We often hear a bill has strong bipartisan support as if that’s a good thing. Truthfully strong bipartisan support is a fancy of way of saying legislation that will fuck us in the ass. Remember the bill I mentioned that would effectively make it illegal to protest anywhere people protected by the Secret Service were speaking? It broke the laws of physics when it passed through the legislature faster than the speed of light. It flew threw the Senate on February 5th, made its way through the House on February 28th, and was finally signed by the emperor president on March 7th. All told the bill went from passing its first part of congress to being signed into law in roughly one month.

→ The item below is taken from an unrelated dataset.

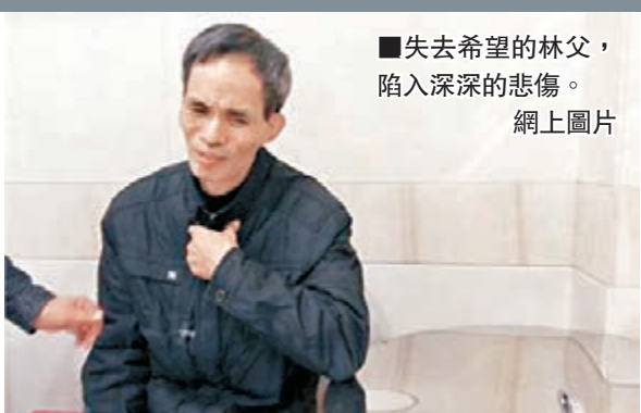
失去希望的林父,陷入深深的悲傷。

據新華社報道,最高人民法院審理該案的主審法官表示,經合議庭評議,依法作出了核准林森浩死刑的

The statement released by the White House is laughable:

H.R. 347, the “Federal Restricted Buildings and Grounds Improvement Act of 2011,” which makes it a Federal crime to enter or remain knowingly in any restricted area of the White House, the Vice President’s official residence, or their respective grounds without lawful authority.

No justification, no attempt at bullshitting the public about why this bill is needed, just a short statement that might as well read, “Shut up slaves.” The statement also entirely missed the fact that this bill extends well beyond the White House or the Vice President’s residence:

‘(1) the term ‘restricted buildings or grounds’ means any posted, cordoned off, or otherwise restricted area–

‘(A) of the White House or its grounds, or the Vice President’s official residence or its grounds;

‘(B) of a building or grounds where the President or other person protected by the Secret Service is or will be temporarily visiting; or

‘(C) of a building or grounds so restricted in conjunction with an event designated as a special event of national significance; and

‘(2) the term ‘other person protected by the Secret Service’ means any person whom the United States Secret Service is authorized to protect under section 3056 of this title or by Presidential memorandum, when such person has not declined such protection.’.

The bill applies to any location where persons “protected by the Secret Service” are at. Beautiful isn’t it? That means this bill applies to any location the president or vice president are currently stalking about.